Worm M, Bauer A, Elsner P, Mahler V, Molin S, Nielsen TSS.
Br J Dermatol 2020;182:1103-10.

Delgocitinib is a pan-Janus kinase (JAK) inhibitor specific for JAK1, JAK2, JAK3 and tyrosine kinase 2 and inhibits inflammation through blockade of cytokine-mediated signalling cascades and may be useful for treatment of chronic hand eczema. This was a prospective, randomised, double-blind, vehicle-controlled clinical phase IIa study for the efficacy of topical delgocitinib ointment in the treatment of chronic hand eczema with previous inadequate response to topical steroid. Ninety-one patients (aged 18-65 years old) with chronic hand eczema were randomised to topical delgocitinib ointment (60 patients) or vehicle ointment (31 patients) applied twice daily for 8 weeks.

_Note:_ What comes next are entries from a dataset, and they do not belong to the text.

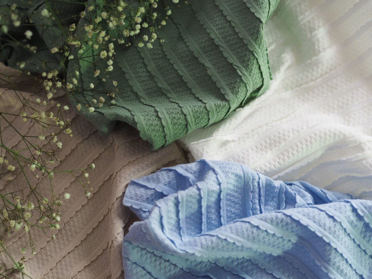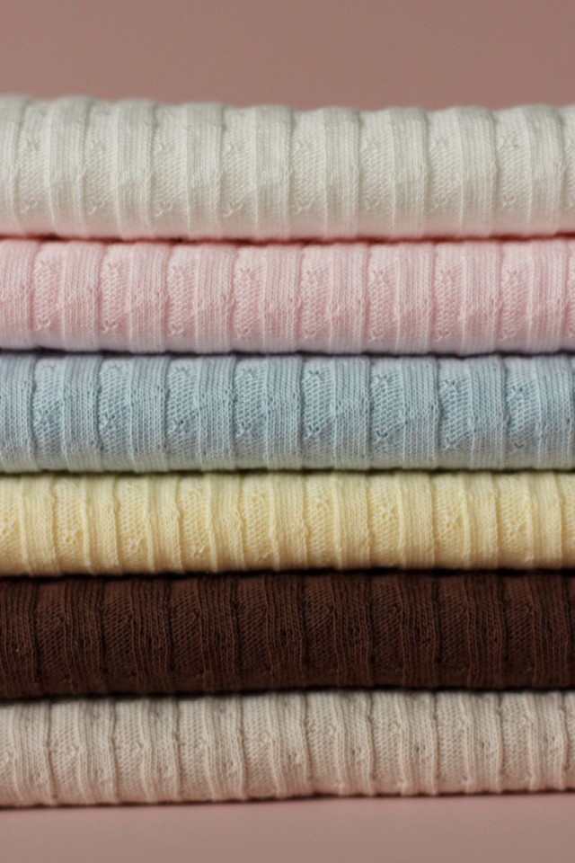 Все виды жаккардового трикотажного полотна, ажурная рибана, кулирка-рюши, ажурное кашкорсе, лапша (различный рапорт), интерлок-жаккард, вафля, даблфейс-интерлок
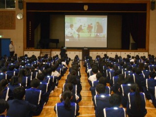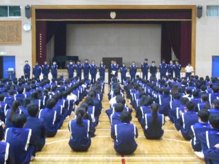 11月10日(月)、全校朝礼が行われました。校長講話では、友人同士でのトラブルの元となりやすいコミュニケーションの取り方が話題にあがりました。特にSNSではあいまいな文章を投稿することで誤解が生じやすいという具体例が示されました。その後、生活指導主任からは、10月の避難訓練で実施した、不審者侵入の際の対応についての確認をしました。避難訓練時には、生徒たちは教室でバリケードを作って静かに待機していたので、廊下での不審者の様子を見ることができませんでした。そこで朝礼では、不審者の動きを動画で確認し、改めて教室でバリケードを作って静かに気配を消す大切さを学びました。さらに10月に行われた町田市中学校連合体育大会で入賞した生徒たちの表彰も行われました。
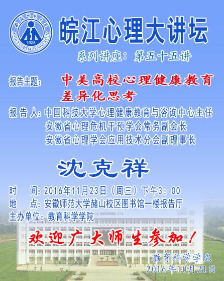 皖江心理大讲坛第55讲——中科大沈克祥学术报告预告
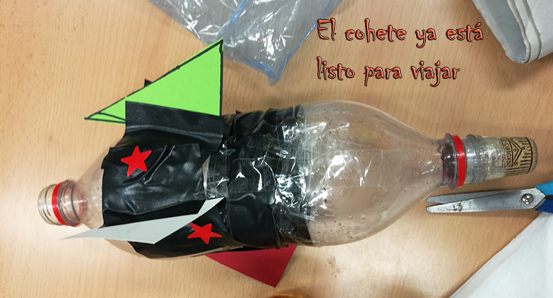 · Actividad científica: Construimos un cohete con propulsión de vinagre y bicarbonato. Actividad cooperativa con alumnado ayudante de 5º curso de Primaria.
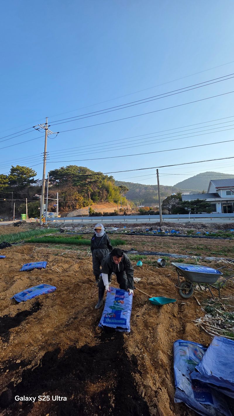 고추밭 퇴비 뿌리기
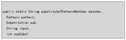 例如,有字符串fatcatfatcatfat,假设既有正则表达式模式为"cat",第一次匹配后调用appendReplacement(sb,"dog"),那么这时StringBuffer sb的内容为fatdog,也就是fatcat中的cat被替换为dog并且与匹配子串前的内容加到sb里,而第二次匹配后调用appendReplacement(sb,"dog"),那么sb的内容就变为fatdogfatdog,如果最后再调用一次appendTail(sb),那么sb最终的内容将是fatdogfatdogfat。
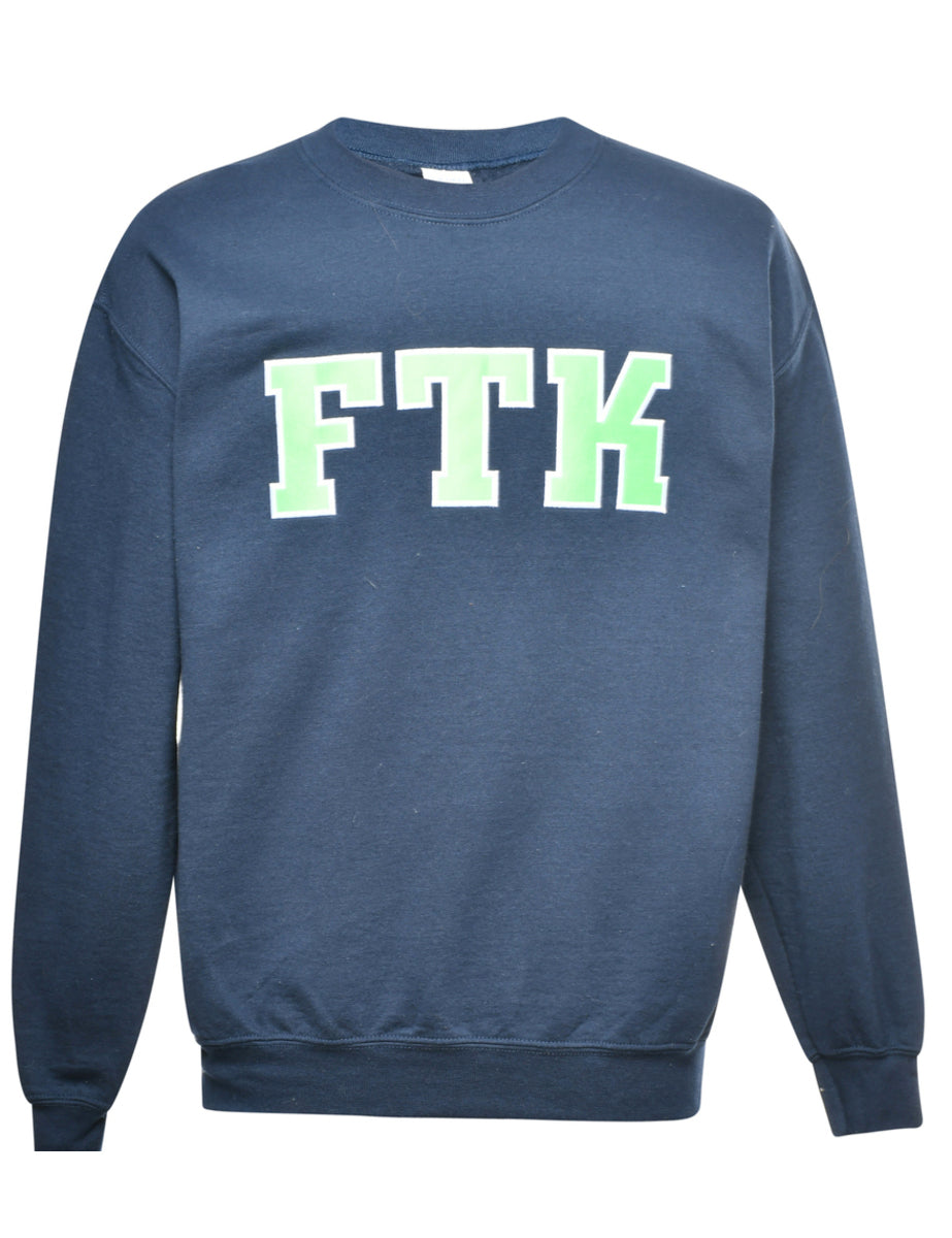 FTK printed sweatshirt. Comes in navy with ribbed cuffs and waistband.

Treatment success rate in delgocitinib group was higher than vehicle group. Forty six percent of the delgocitinib group patients had 'clear' or 'almost clear' skin with ≥2-point improvement from baseline in the Physician's Global Assessment (PGA) vs 15% in vehicle group at week 8. Delgocitinib group patients had a lower mean Hand Eczema Severity Index score (13) vs vehicle group (25.8) at week 8. Both treatments were well-tolerated with a low incidence of side-effects [(delgocitinib: three (5%); vehicle: eight (26%)]. It was concluded that delgocitinib ointment is an effective and safe treatment for chronic hand eczema.


Sustained efficacy of secukinumab in patients with moderate-to-severe palmoplantar psoriasis: 2.5-year results from GESTURE, a randomized, double-blind, placebo-controlled trial

Gottlieb AB, Kubanov A, Van Doorn M, Papp KA, You R, Regnault P, et al.
Br J Dermatol 2020;182:889-99.

Secukinumab is a human monoclonal antibody against interleukin (IL)-17A. This was a randomised, double-blind, placebo-controlled, phase IIIb study conducted over 140 weeks to investigate the long-term (2.5-year) safety and efficacy of 300 mg and 150mg subcutaneous secukinumab in patients with moderate to-severe palmoplantar psoriasis. The study recruited 205 patients (aged ≥18 years old). Efficacy was assessed by palmoplantar Investigator's Global Assessment (ppIGA) and palmoplantar Psoriasis Area and Severity Index (PASI).

The primary end point with ppIGA score of 0 (clear) or 1 (almost clear) response was reached at week 16 in both secukinumab groups. Efficacy (ppIGA 0 or 1) was maintained in 59% and 53% patients in both secukinumab 300 mg and 150 mg group respectively with clear or almost clear palms and soles, 2.5 years after treatment. Mean palmoplantar PASI percentage was reduced by 74.7% and 61.6% patients in secukinumab 300mg and 150 mg group respectively 2.5 years after treatment. In the secukinumab 300 mg and 150 mg groups, the DLQI scores decreased by 53.1% and 30.3% respectively; 17% and 18% patients in both secukinumab 300 mg and 150 mg group respectively had no significant functional problems in the hands and feet as assessed by the palmoplantar quality of life instrument scores. Common side effecs from both secukinumab groups were headache, upper respiratory tract infection, Candida infection, and nasopharyngitis. Overall, the safety profile was favourable. It was concluded that secukinumab is an effective treatment of palmoplantar psoriasis with a sustained response up to 2.5 years.